The large number of write-in candidates caused confusion at the polls, long lines at election sites, and delays at Town Hall, where employees manually counted more than 2,000 write-in votes. Township Clerk Dolores Sweeney said her office began counting the votes Tuesday night, staying until almost 2 a.m. She planned to continue counting Wednesday and expected to have final results today.

Sweeney said Wednesday that she would not release the results of the initial write-in vote count until the numbers could be rechecked.

While write-in votes had to be counted by hand, computerized tallies for the listed candidates gave incumbent William Slater 683 votes and newcomers Patricia Bennett and Christopher Lotito 503 and 165 votes, respectively.

Write-in candidates Thomas Jelleme, Jeannette Andreula, Maureen Daly and Jacquie Stivala, and incumbent Barbara Cook, awaited results of the manual count.

Voters also approved the 2005-06 school budget's $25 million tax levy, 793-413. Approval means a school tax increase of $130 on a home assessed at the township average of $184,000.

Of the 9,558 registered voters, 1,501, or 16 percent, turned out to vote. Among the ballots cast, 63 percent went to write-in votes.

Voters surveyed cited several reasons for turning out to the polls. Some were concerned about the state of the schools. Some said they were bothered by reports in the weekly Suburban Trends newspaper that Lotito, 21, was arrested for making threats to Pequannock High School when he was a student there in 2000. Lotito has refused to comment on the allegations.

Suburban Trends is published by the North Jersey Media Group, the parent corporation of The Record.

The unusual volume of write-in voting caused uncertainty at the polling sites.

"On the line, everybody was talking. 'What do we do, what do we do?'?" said Nancy Gross, who witnessed the confusion at North Boulevard School. She said some people believed three write-in votes could be entered together on the same line.

However, write-in votes must be entered one at a time on the electronic ballot machines. A voter must first press a button that says "write-in" and then type in the name on the machine's keyboard.

Sweeney said votes with multiple names on one line would not count.

"If they put three people on one line, that has to be thrown away," she said. Sweeney also said she heard that some people mistakenly pushed the "cast vote" button after entering a write-in vote, giving up their chance to vote for other candidates.

Sweeney said she did not hear of poll workers giving out incorrect information, but conceded that casting write-in votes could be confusing.

"It was tricky. It is overwhelming when you're doing it for the first time," she said.

Some voters also cast multiple write-in votes for the same candidate.

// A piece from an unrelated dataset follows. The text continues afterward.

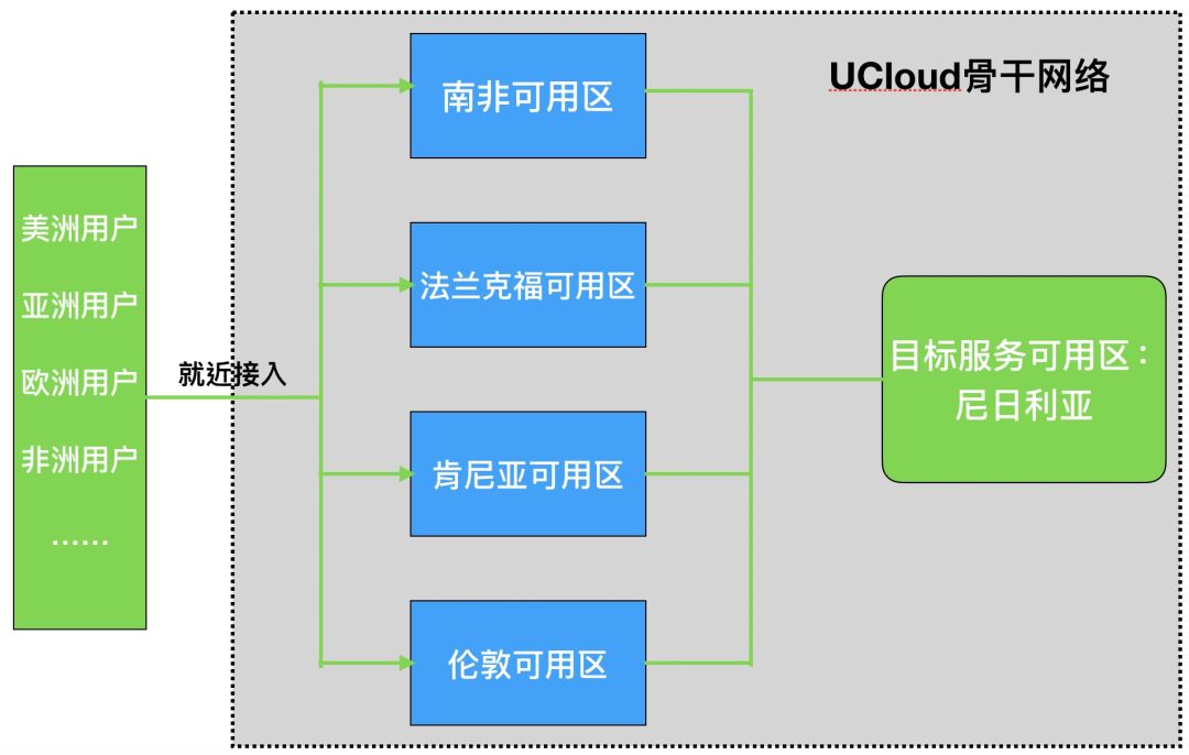 2018 年 9 月 25 日,UCloud 拉各斯数据中心落地。第一步解锁尼日利亚后,非洲业务板块愈加清晰:西非以尼日利亚、加纳为主;东非以肯尼亚、坦桑尼亚、埃塞俄比亚为主;北非埃及、摩洛哥;南非。但是,我们的用户目标覆盖非洲全大陆,现实瓶颈却是跨国互联访问体验差,甚至有的邻国访问绕行欧洲伦敦或阿姆斯特丹。

The voting machines guard against this by assigning an alphabetical code to each voter. If a person writes in the same name more than once, those votes will show the same alphabetical code, signaling to election officials that the vote should only count once.

Long lines contributed to a delay in getting the ballots, Sweeney said.

"The polls close at 9, and usually by 9:30 I have all the people back from the polling districts. There was such a long line at North Boulevard, and once people are in line you can't |turn them away. They didn't come to my office until around 10:30 p.m.," she said. That delay meant a long night at the Morris County Clerk's Office.

"Initially, I have to admit I was kind of annoyed," said Larry Brown of the County Clerk's Office. "I thought we'd be done by 11:15."

When the courier from Pequannock had not delivered the voting machine records, the clerk's office called the township. And when nobody picked up the phone, Brown became worried.

"I called the police dispatcher to say, 'Can you please send someone over to the clerk?'?" he said.

Brown became concerned that the courier might have been in an accident on the way to Morristown, but a few minutes later the courier arrived.

"It went from frustration, to concern, to sheer delight that everything was done," Brown said.